Interestingly, the Linux kernel has a files/directories ratio of about 14, so there might very well be a correlation.

fd is really designed for a multi-core setup. I believe it will always have a disadvantage over truly single-thread programs in a -j 1 setting because it actually still spawns a separate thread for searching which then sends results to a receiver-thread that outputs all results. Also, personally, I don't really care about the total amount of CPU cycles, but rather on the overall execution time.

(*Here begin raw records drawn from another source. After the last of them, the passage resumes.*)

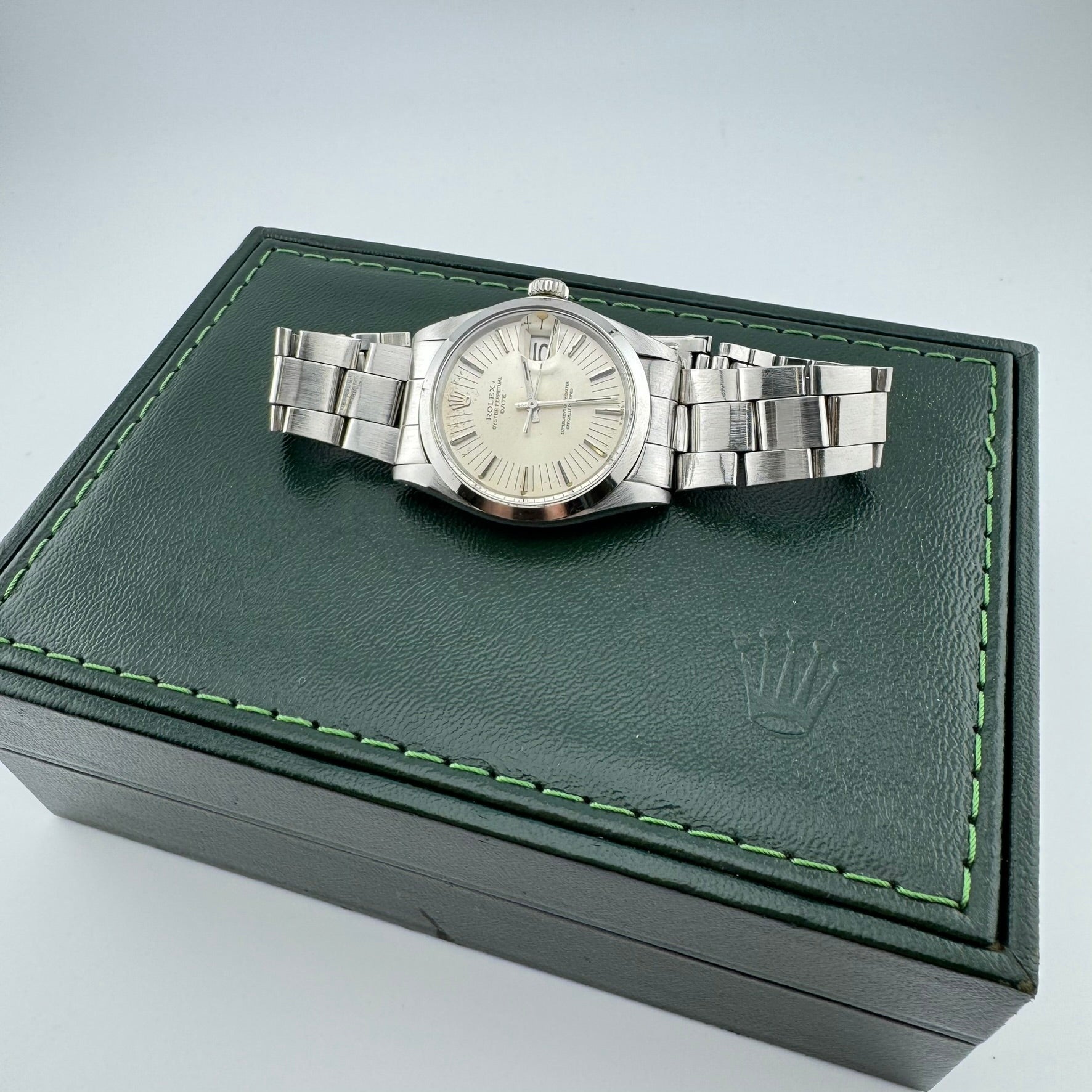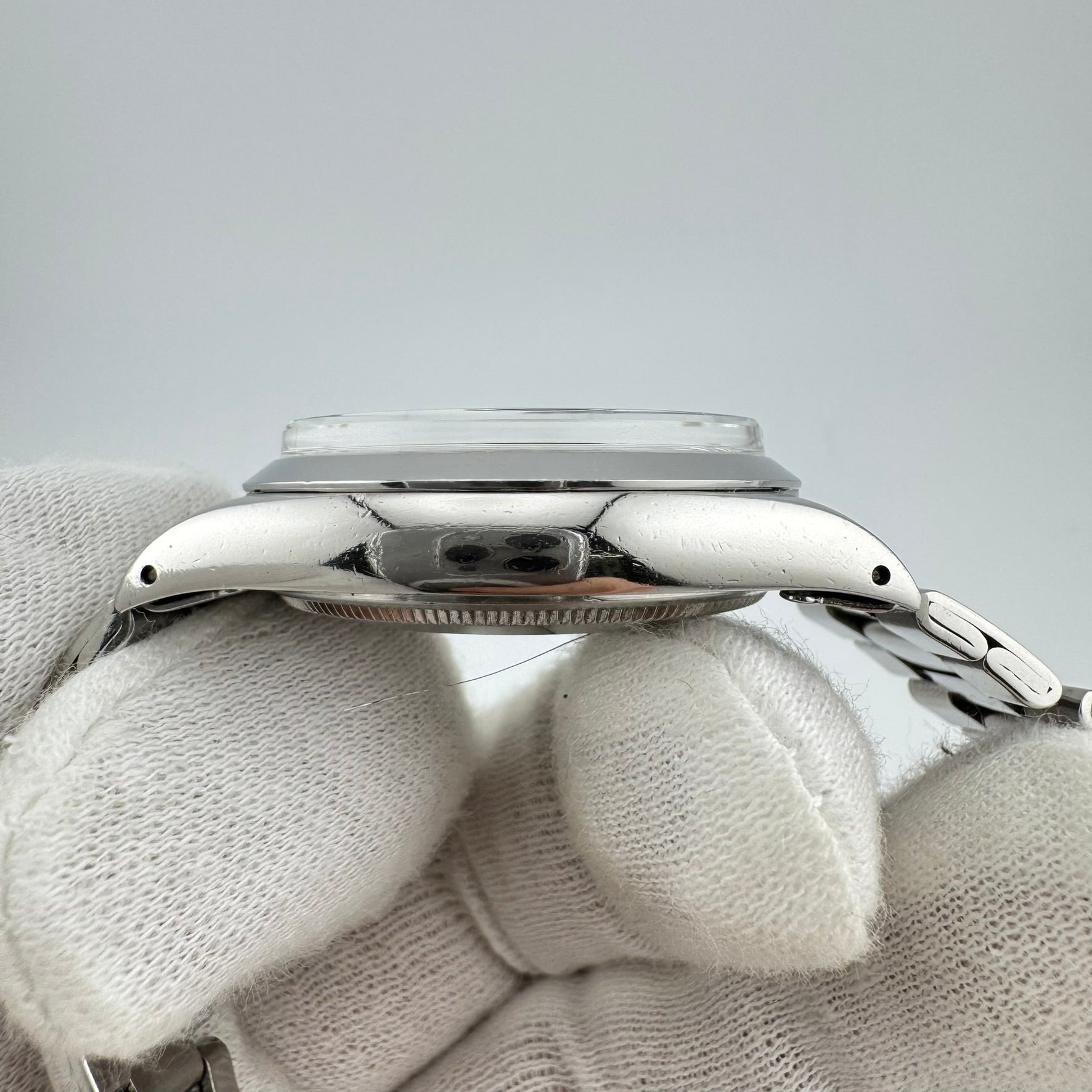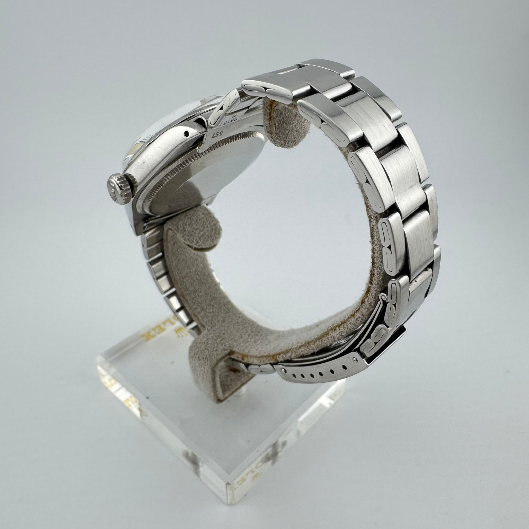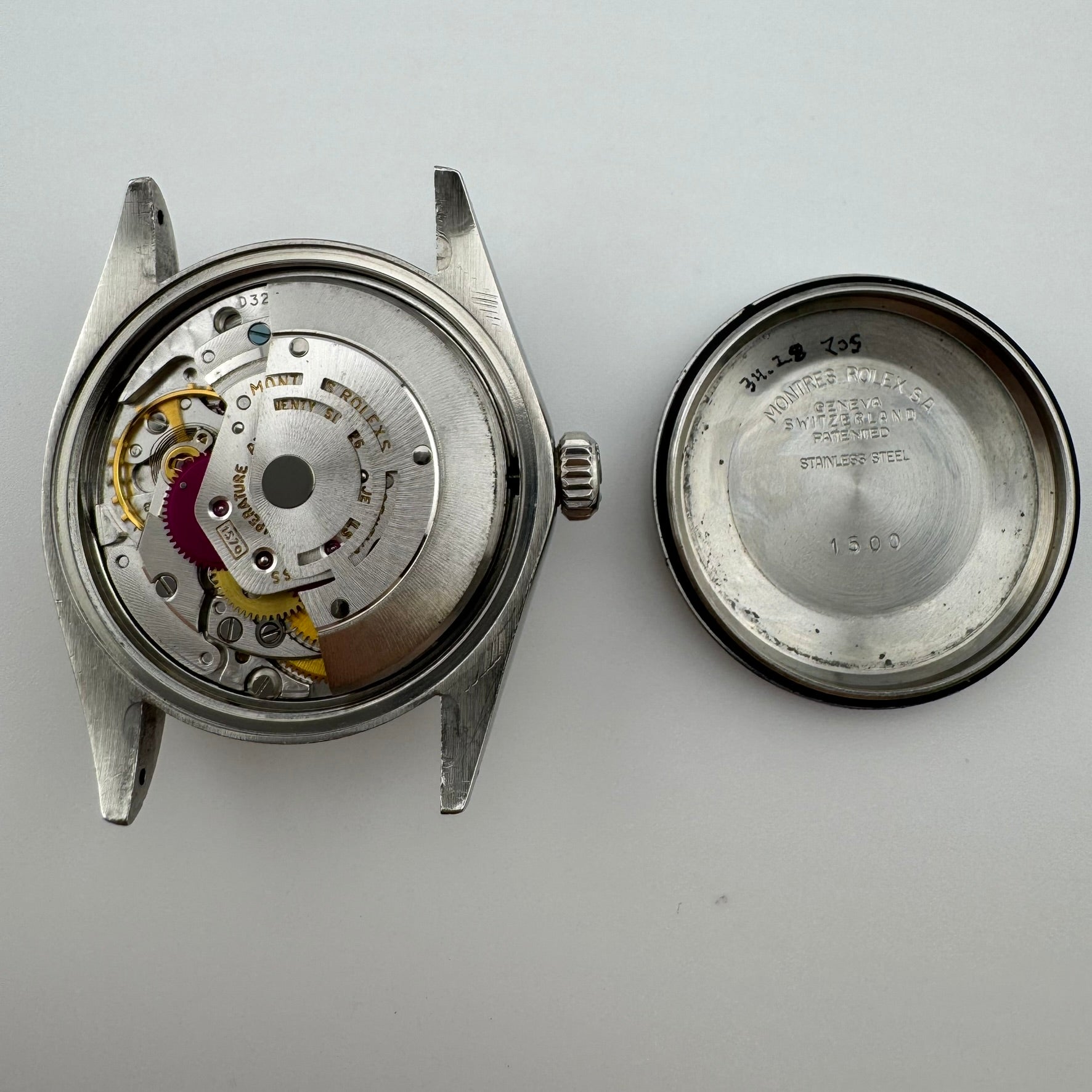 This watch is the Oyster Perpetual 1500 reference. The watch has had the original crystal replaced with a new aftermarket acrylic crystal. All of the original gaskets have been replaced, and the watch has been pressure tested to 5bar to ensure waterproofness.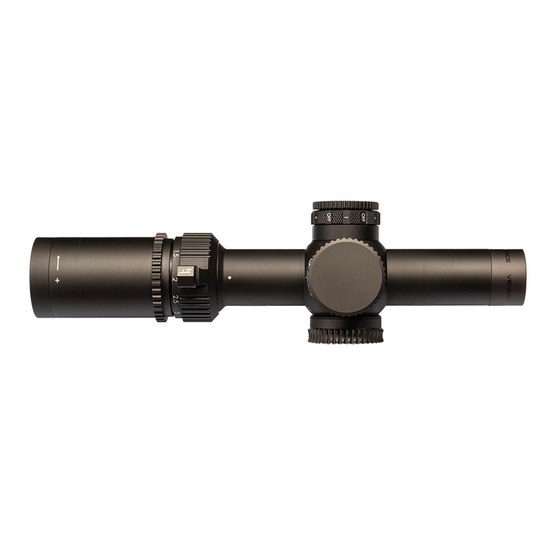 The VENGEANCE's fully multi-coated lenses offer crisp low-light contrast, making it essential in your shooting accessories kit. Its locking dioptre holds your sight picture steady, ensuring reliability when it matters most. With heavy outer bars, an illuminated circle and dot, plus 2-MOA hash marks and 4-MOA holdover intervals, this scope streamlines quick ranging and follow-up shots.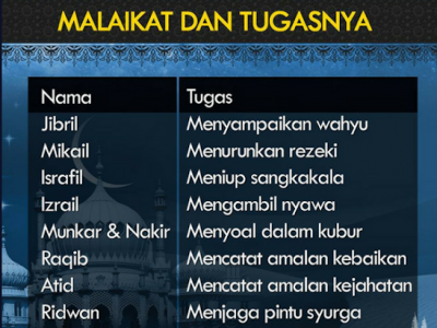Nama malaikat dan tugasnya sudah tertuang dalam surat-surat di Al Quran.

Still, this seems to be a case where find is definitely faster than fd. I'm happy to investigate this further, but I will be away from home for two weeks, so this might take some time.

@vandenoever
Copy link
Author

There are two actions going on reading a directory and reading file metadata. fd seems to be slower when there's more files per directory. That might mean that there's something expensive going on when reading those directories, e.g. allocating a larger Vec to hold the files.

I'm not in a hurry to have this fixed. It was the first thing I noticed when I tried out fd.

Since fd uses more CPU, find is probably faster more often on slower machine, even if they're multicore.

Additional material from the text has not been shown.